In the beginning I was simply going to swap my existing 4:10 stock ring and pinion gear (The automatic cars came equipped with a 3:90) for a 4:30 ring and pinion found in the RZ and other '99-'02 models. But in order to minimize the down time of my car and the fact that I was able to buy at a significant discount a BRAND NEW IN THE BOX torsen unit I figured I'd just build another rear end. Consider that in order to swap out the gears it's good practice to replace bearings and seals I had what was necessary for a new ground up build with the exception of of the housing itself. So I hunted down and sourced a blown up differential on the cheap, emptied out all the chewed up guts, scraped, wire wheeled, and blasted all the rust off it and coated it with some heavy duty etching primer and some ceramic based black paint. Looks like new! I also removed all the hardware and gave them a good cleanup and reinstalled them. With that done there comes a time where one asks; "do I want to study up on how to shim a diff and buy the necessary tools, or just pay the couple hundred and have a pro do it properly." I'm sad to say I chose the latter.
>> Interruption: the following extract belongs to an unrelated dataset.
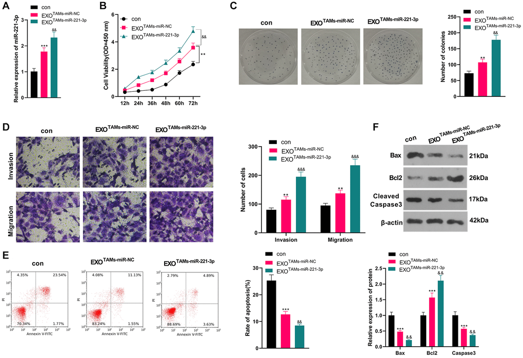 We transfected miR-221-3p mimics into M2-TAMs. Then we isolated the exosomes from M2-TAMs and treated Saos2 cells with the exosomes. miR-221-3p was enhanced in THP1 cells as well as the exosomes after miR-221-3p transfection (vs. miR-NC group, Supplementary Figure 2A–2E). qRT-PCR outcomes confirmed that miR-221-3p expression was facilitated in the EXOTAMs+miR-221-3p group (vs. the EXOTAMs+miR-NC group) (P < 0.05, Figure 3A). CCK-8 assay confirmed that Saos2 cell viability was enhanced in the EXOTAMs+miR-221-3p group (vs. the EXOTAMs+miR-NC group) (P < 0.05, Figure 3B). Additionally, the colony formation assay uncovered that cell proliferation in the EXOTAMs+miR-221-3p group was increased (vs. the EXOTAMs+miR-NC group) (P < 0.05, Figure 3C). Besides, the Transwell assay demonstrated that the cell migrative and invasive capacities of the EXOTAMs+miR-221-3p group were strengthened (vs. the EXOTAMs+miR-NC group) (P < 0.05, Figure 3D). What’s more, FCM hinted that cell apoptosis was hindered in the EXOTAMs+miR-221-3p group (vs. the EXOTAMs+miR-NC group) (P < 0.05, Figure 3E). Also, WB disclosed that the contents of Bax and Cleaved Caspase-3 in the EXOTAMs+miR-221-3p group were impeded, and the Bcl2 profile was boosted (vs. the EXOTAMs+miR-NC group) (P < 0.05, Figure 3F). These conclusions suggested that miR-221-3p overexpression facilitated the growth, proliferation, migration and invasion, and hampered apoptosis of Saos2 cells.

Primarily because the cost of a mistake was too high, and I didn't fancy the idea of having to remove the diff multiple times from the car if something was amiss.


A nice paper weight. One very "lunched" torsen. Emptying out all the guts to prep the housing for re-use. None of the gears were any good due to metal shrapnel being thrown around inside the diff when it let go.


Stripped and ready for paint. Followed by a nice coat of HD etching primer. Dummy studs installed to keep the piant out of the threaded holes.


Damn, that looks good!


My original 4:10 diff and the replacement with 4:30 gears. Not sure I like the purple but PowerFlex have a decent reputation. Nicely refinished bracket coated red.

A couple other items to add to the performance list include PowerFlex polyurethane differential bushings and a GReddy high capacity differential cover. The bushings for obvious reasons. Mine were old-ish, and the added durability of the poly bushings will help with reliability. The bushings pressed into a refinished and painted diff bracket. The GReddy diff cover increases the oil capacity by about a quart....better for cooling. And I filled it with about 2.5 quarts of NEO synthetic oil 75W90RHD


What Could You Do To Build a Better Tranmission?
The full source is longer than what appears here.